Chinyelu Susan Onwurah  (born 12 April 1965) is a British Labour Party politician who has served as the Member of Parliament for Newcastle upon Tyne Central since 2010.

She was shadow minister for Industrial Strategy, Science and Innovation under Labour leader Jeremy Corbyn from October 2016 until 9 April 2020, when she was appointed as shadow minister for  Science, Research & Digital by Keir Starmer.

Early life
Onwurah's mother was from Newcastle. Her father, from Nigeria, was working as a dentist while he studied at Newcastle University Medical School when they met and married in the 1950s.

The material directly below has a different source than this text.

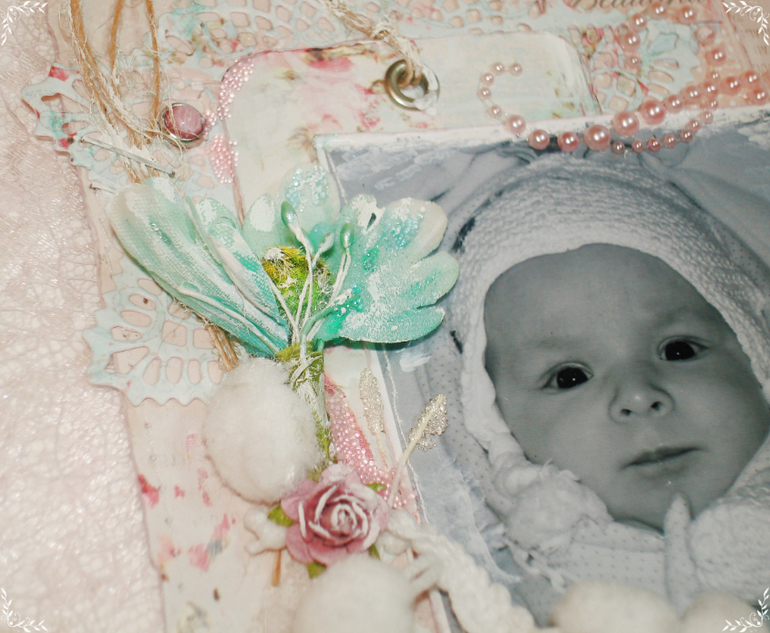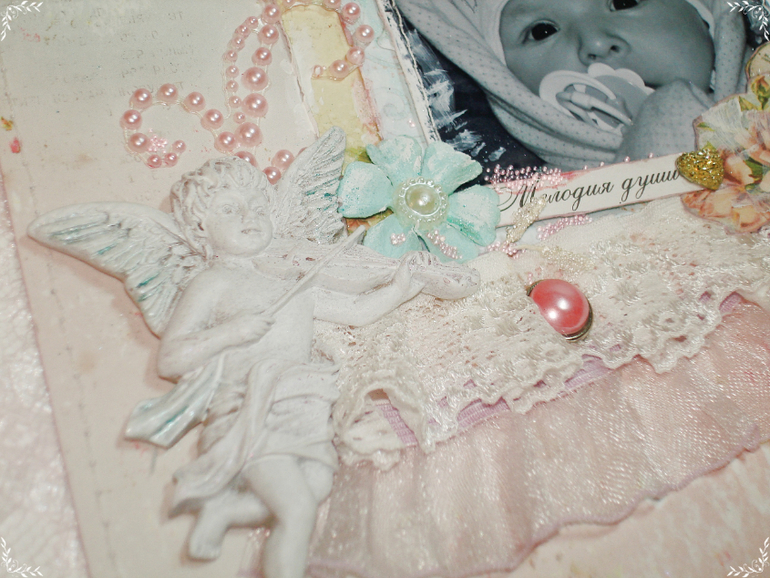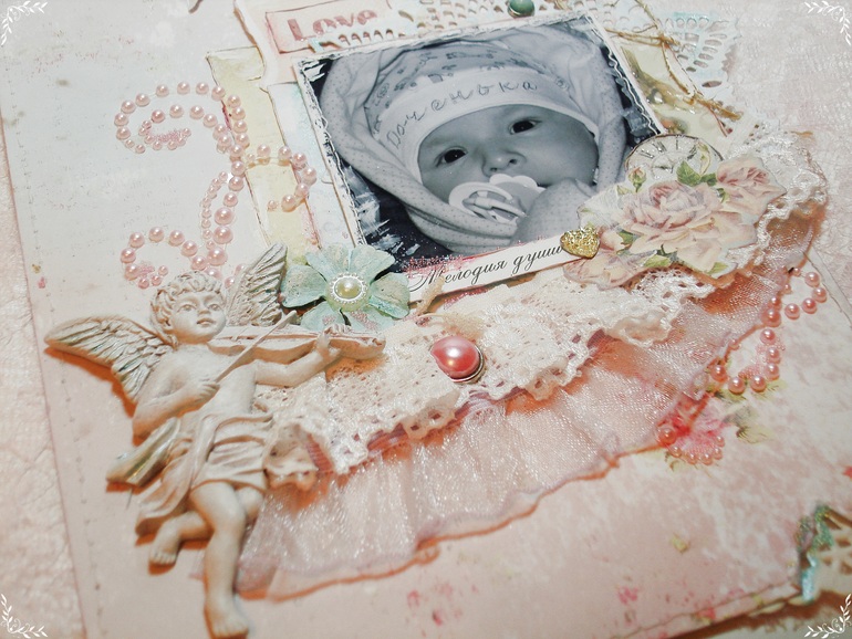 скрапмания!Третий разворотик по СП олучился немного музыкальный))) Ангелок играет "Мелодию Души", с боку подпевают птички... Сегодня мне захотелось микробисера ,розочек и совсем немного красок....часики покрыты кракле,птичек выделила глосси))) Обязательные элементы- символ любви и брадс!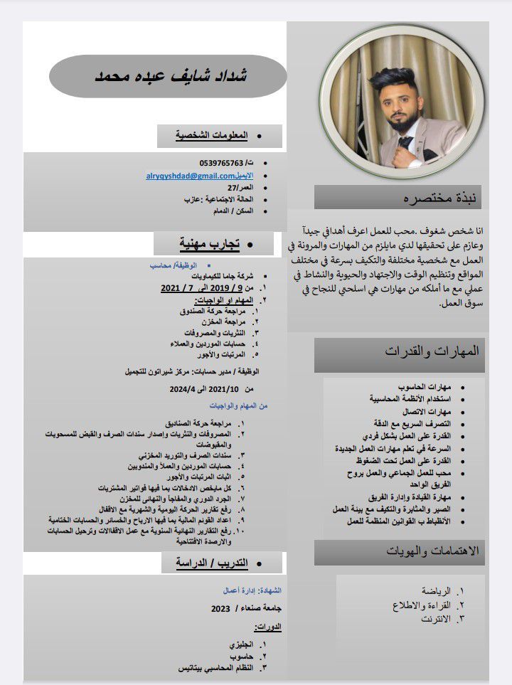 شداد العريقي بكالوريوس ادارة أعمال خبرة واسعة في ادارة الحسابات أكثر من أربع سنوات طموحي الأنظم أم الى فريق عمل متميز

Onwurah was born in Wallsend, North Tyneside. While she was still in her infancy the family moved to Awka, Nigeria in 1965. Just two years later the Biafra War broke out, bringing famine with it, forcing her mother to bring the children back to Tyneside, while her father stayed there in the Biafran army.

Onwurah attended Kenton School in Newcastle and graduated from Imperial College London in 1987 with a degree in electrical engineering. She worked in hardware and software development, product management, market development and strategy for a variety of mainly private sector companies in a number of different countries – the UK, France, the United States, Nigeria and Denmark while studying for an MBA at Manchester Business School.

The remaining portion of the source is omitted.